WHAT IS EXPECTED. Beginning at the line that contains "初めてContinue with GitHubをクリックした場合、Install", reproduce the entries below exactly, ending with the line that contains "請您利用 S4A 中的「偵測指令」積木, 操作". Omit each picture.

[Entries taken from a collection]
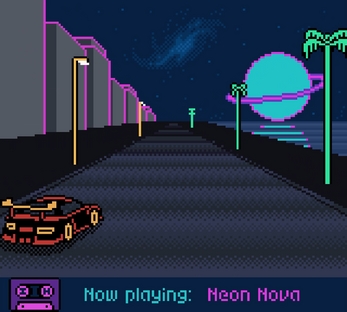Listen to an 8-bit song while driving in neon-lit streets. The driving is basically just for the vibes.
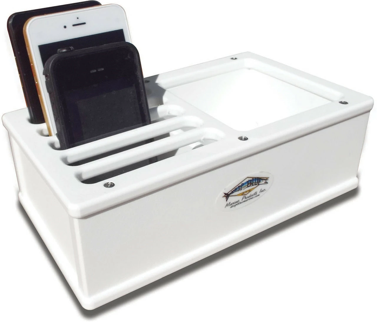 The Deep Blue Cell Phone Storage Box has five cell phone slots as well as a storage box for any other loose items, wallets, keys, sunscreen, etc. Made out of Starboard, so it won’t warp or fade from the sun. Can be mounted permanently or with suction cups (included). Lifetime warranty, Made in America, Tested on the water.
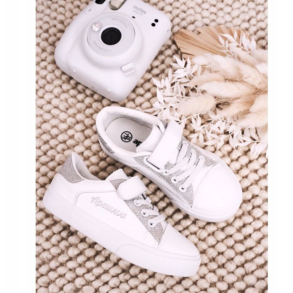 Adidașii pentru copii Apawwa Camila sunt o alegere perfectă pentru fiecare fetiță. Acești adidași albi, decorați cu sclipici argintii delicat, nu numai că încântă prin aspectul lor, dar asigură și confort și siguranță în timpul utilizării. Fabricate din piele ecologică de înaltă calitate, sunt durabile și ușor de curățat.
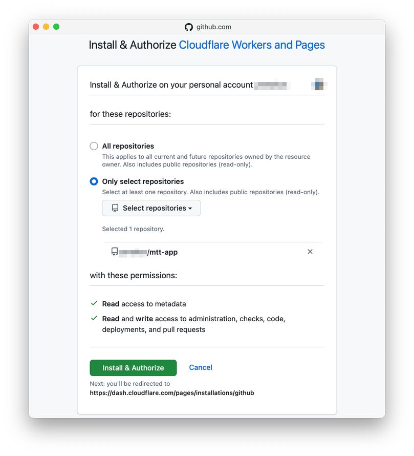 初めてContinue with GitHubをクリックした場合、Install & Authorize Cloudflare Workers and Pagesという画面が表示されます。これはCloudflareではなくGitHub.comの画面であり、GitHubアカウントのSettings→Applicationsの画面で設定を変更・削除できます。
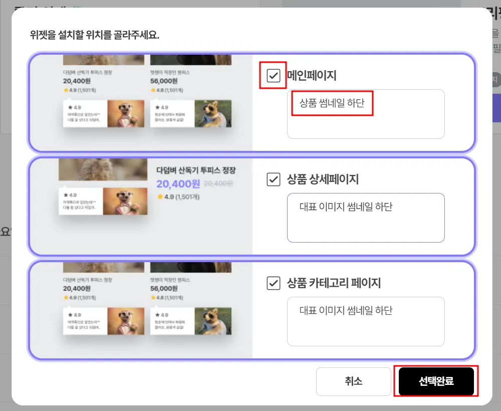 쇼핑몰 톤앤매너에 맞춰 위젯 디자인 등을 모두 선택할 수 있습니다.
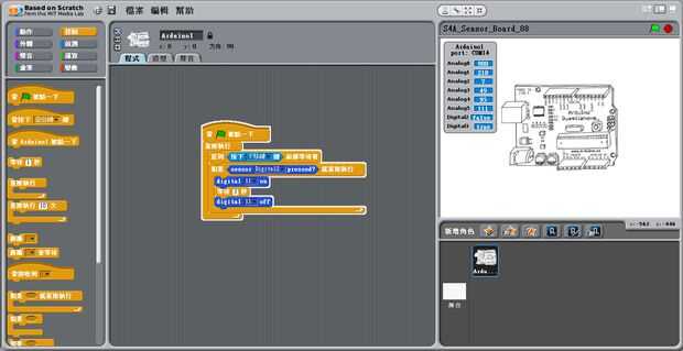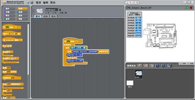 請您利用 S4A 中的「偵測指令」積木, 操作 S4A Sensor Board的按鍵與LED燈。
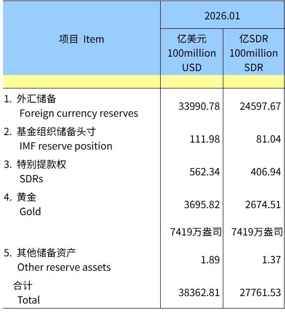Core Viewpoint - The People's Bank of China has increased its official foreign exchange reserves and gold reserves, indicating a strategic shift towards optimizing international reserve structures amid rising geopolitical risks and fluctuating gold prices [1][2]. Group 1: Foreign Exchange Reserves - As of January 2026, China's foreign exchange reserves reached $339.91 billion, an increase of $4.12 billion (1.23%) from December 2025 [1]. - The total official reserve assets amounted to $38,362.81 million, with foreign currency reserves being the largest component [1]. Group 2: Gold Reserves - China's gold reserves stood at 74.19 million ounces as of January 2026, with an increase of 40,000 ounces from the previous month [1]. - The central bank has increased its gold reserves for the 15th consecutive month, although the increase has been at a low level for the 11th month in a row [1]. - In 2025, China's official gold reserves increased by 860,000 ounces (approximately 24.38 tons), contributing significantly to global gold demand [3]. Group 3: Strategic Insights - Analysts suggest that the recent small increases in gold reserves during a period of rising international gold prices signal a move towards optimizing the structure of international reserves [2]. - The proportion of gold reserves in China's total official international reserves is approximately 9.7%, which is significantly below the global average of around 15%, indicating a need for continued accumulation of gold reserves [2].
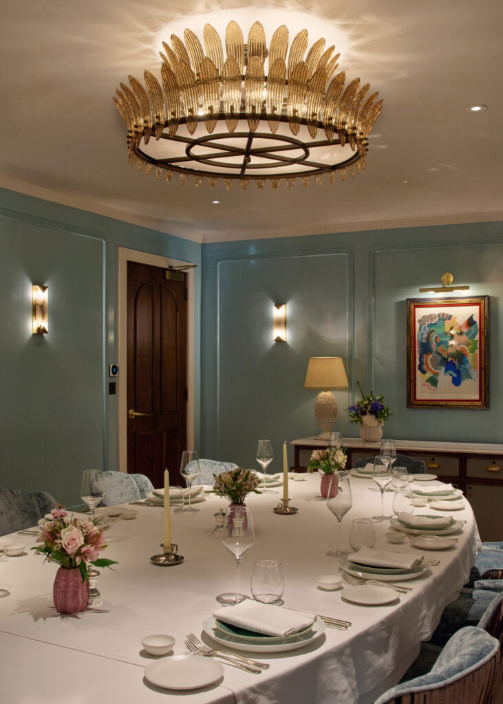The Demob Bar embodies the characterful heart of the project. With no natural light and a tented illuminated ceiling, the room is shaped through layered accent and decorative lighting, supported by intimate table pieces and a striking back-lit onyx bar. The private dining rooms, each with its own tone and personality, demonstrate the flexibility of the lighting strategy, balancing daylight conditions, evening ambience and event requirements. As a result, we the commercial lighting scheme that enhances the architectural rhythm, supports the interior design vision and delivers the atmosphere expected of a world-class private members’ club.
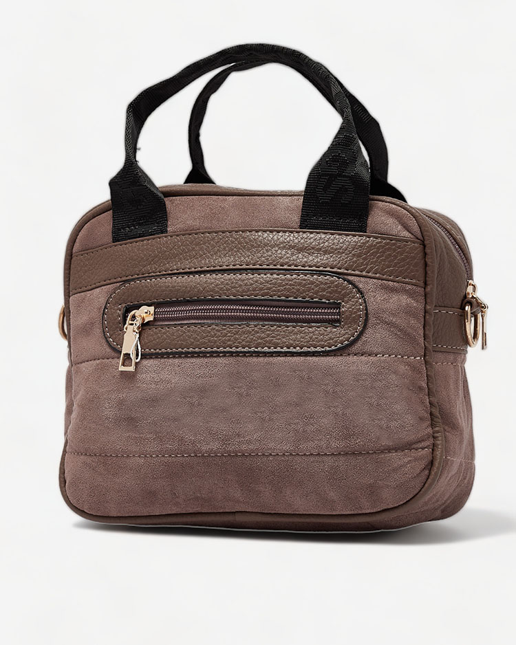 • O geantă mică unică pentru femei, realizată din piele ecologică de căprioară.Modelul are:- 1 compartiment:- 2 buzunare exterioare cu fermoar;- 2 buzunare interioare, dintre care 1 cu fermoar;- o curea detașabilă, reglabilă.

SOLVED PROBLEM.
 初めてContinue with GitHubをクリックした場合、Install & Authorize Cloudflare Workers and Pagesという画面が表示されます。これはCloudflareではなくGitHub.comの画面であり、GitHubアカウントのSettings→Applicationsの画面で設定を変更・削除できます。
 쇼핑몰 톤앤매너에 맞춰 위젯 디자인 등을 모두 선택할 수 있습니다.
 請您利用 S4A 中的「偵測指令」積木, 操作 S4A Sensor Board的按鍵與LED燈。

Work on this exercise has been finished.